Gezi Parkı Direnişi katılımcıları ve destekleyicilerine karşı kullanılan buyurgan eril dilin ve onu takip eden kaba polis şiddetinin devam etmesi halinde, Moody's ve peşi sıra Coface'tan ülke notumuzla ilgili olumsuz bir karar gelmese dahi, vaziyetin Olimpiyat Komitesi'nin İstanbul'un adaylığıyla ilgili 7 Eylül günü alacağı nihai kararında (aksi yönde demeçlere rağmen) etkili olacağını düşünüyorum. Çünkü güvenlik güçlerinin, olimpiyatlar gibi büyük çaplı organizasyonlarda güvenlik operasyonlarını başarıyla yönetebilecek tecrübeye, teknik ve mesleki ehliyete sahip olduklarının sorgulanmasına neden olacak kötü bir tecrübe yaşadığımız ortada. Dünya Ekonomik Formu 2012 -2013 Küresel Rekabet Gücü Raporu'na göre Polis Hizmetlerinin Güvenilirliği bakımından 147 ülke arasında 102. sırada olduğumuz acı gerçeği de malum.
AB Parlamentosu Gezi Parkı kararı ve ülkenin en büyük kulüplerinin UEFA ile yaşadıkları sorunlar da "UEFA Euro 2020"de İstanbul'un şansını neredeyse sıfıra indirdi.

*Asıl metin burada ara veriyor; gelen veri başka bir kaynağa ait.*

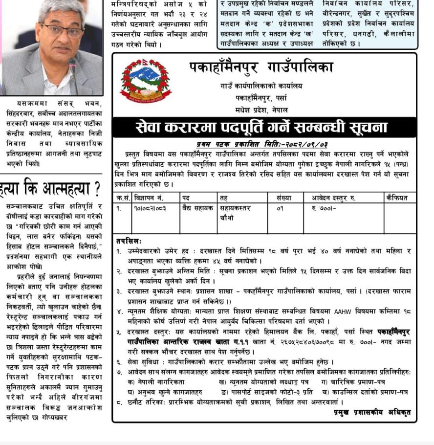 सेवा करारमा पदपूर्ती गर्ने सम्बन्धी सूचना

Hülasa, İstanbul halkının rızası aranmaksızın, gerçekçi olmayan ve bu ülkenin kıt kaynaklarını, önceliği ve aciliyeti tartışmalı projelere akıtan vizyonlara referansla, bu ülkenin insanlarına karşı dik durmanın borsa, faiz ve kur dışında da maliyetleri var.